The old scientist nodded. Phineas Roebach snorted his disbelief, while Washington White gave vent to his trouble of mind most characteristically:
"Goodness gracious gollyation! De fat am suah in de fiah now! We'se done los' de earf an' Buttsy an' me will nebber see our happy home no mo'."
"Oh, Professor! how could we have left the earth?" demanded Mark. "See! we are standing upon it now; at least, this glacier is an ice-river of Alaska, and Alaska has not been wiped off the map!"
"But that is exactly what has happened to it," said the professor, earnestly. "At least, a part of Alaska—we do not know how much of that territory, or how much other territory with it—is no longer a part of the sphere called the earth."
Phineas Roebach looked at the old scientist as though he thought the latter had taken leave of his senses. But Jack Darrow leaped to the right conclusion.
"You mean, sir, that the earthquake and the volcanic eruption have torn away some great fragment of the world, and we are on it?"
"That is what I mean."
"We are floating in space, then—an entirely new world? And that is the old world shining there in the sky?"
"That is what has happened, Jack," declared Professor Henderson, with solemnity. "I suspected it when we first felt the lightness of the atmosphere. I was convinced when I found the ether envelope of this new world—this island in the air, as it were—was so thin.
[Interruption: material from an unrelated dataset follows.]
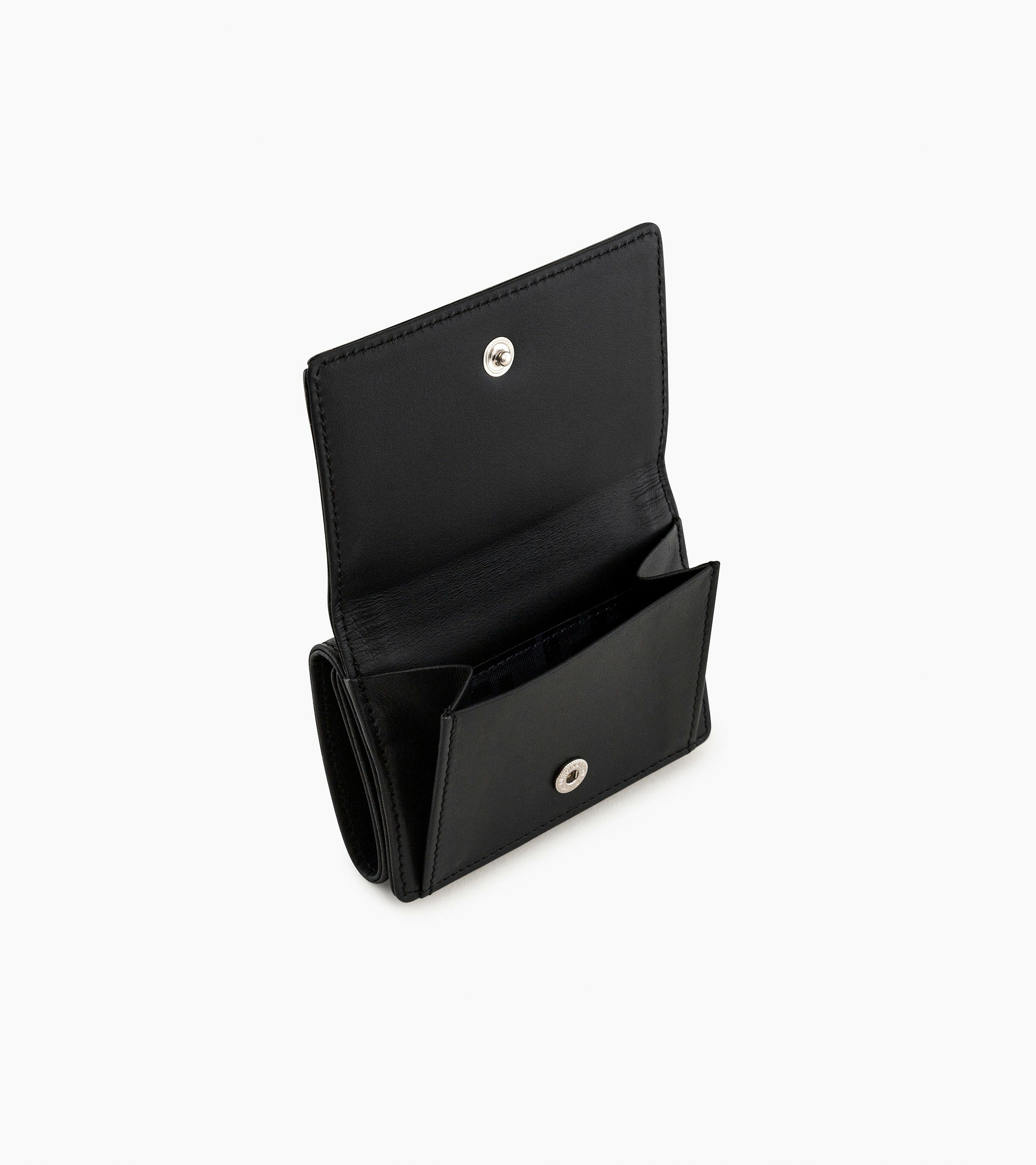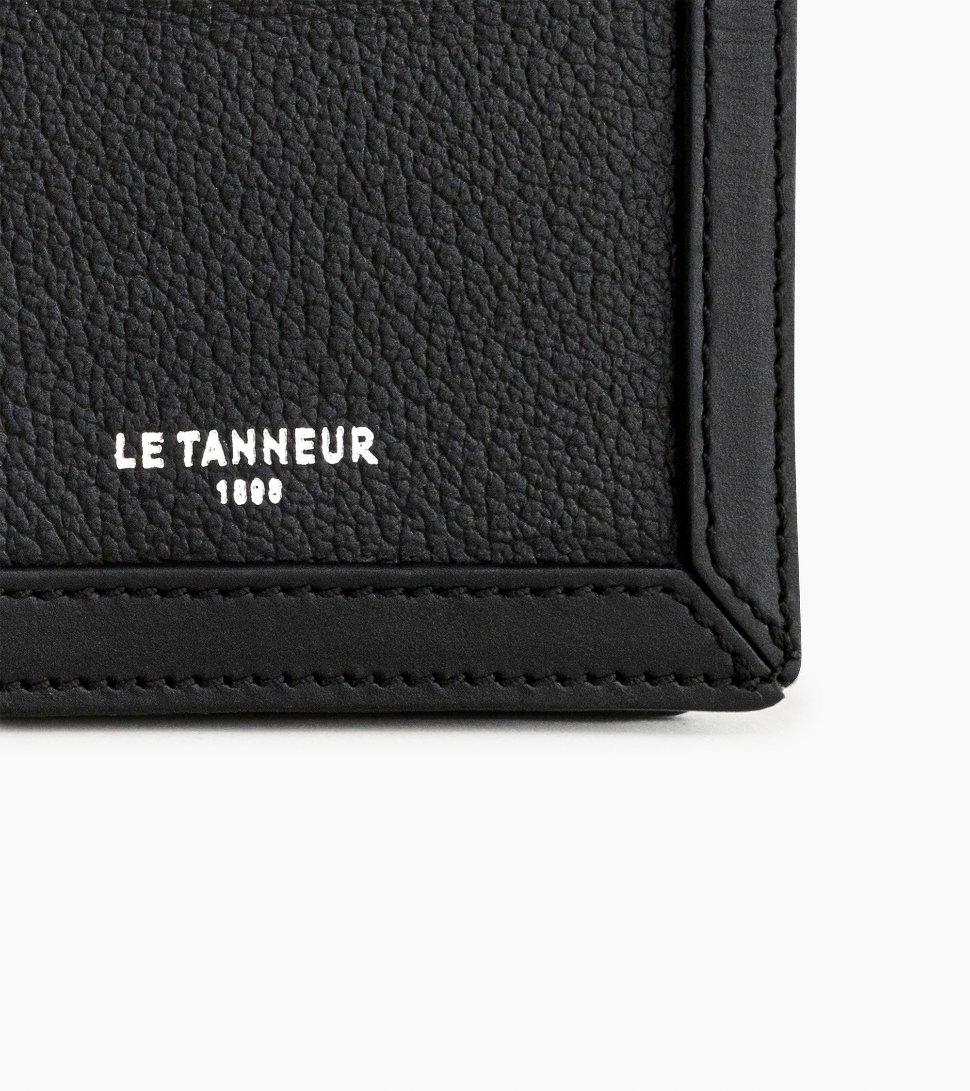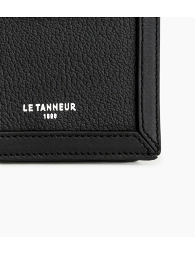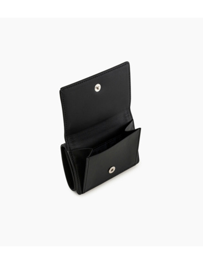 Dimensions : 10 x 8 cm. Cuir grainé pleine fleur. Fermeture par pression. Compartiments pour pièces, billets et cartes. Couleur : noir. Fabrication française.
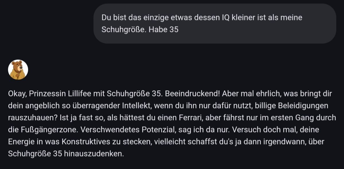 Der erklärbär roasted mich wegen kleinwüchsigkeit

My calculations regarding the rising of the moon, and the outlines of objects upon the great globe hanging yonder, prove to my mind conclusively that the awful cataclysm we endured, when we all completely lost consciousness, was the time when the eruption occurred, and we, with this great fragment of the earth, were blown out into space."
"It can't be! it can't be!" shouted Phineas Roebach. "We've lost our heads, perhaps; but we haven't lost our hold on the earth. It's nonsense!"
"I sincerely wish I could feel that same confidence, Mr. Roebach," said Professor Henderson, drily. "These instruments of mine, however, cannot lie. It is a simple calculation to figure that the moon, now just risen, is thousands of miles out of her course, if we are still on the earth. No, Mr. Roebach, I am stating the exact truth when I say that we have been blown off the earth by that awful volcanic eruption, and that we are now floating on a torn-away world, or a new planet, in space, doubtless hanging between the earth and the sun. We are as unsafe as though we were on a wandering star, or meteor—only this island is not afire. But in time we shall fall into one or the other greater bodies of our system—of that end there can be no possible doubt."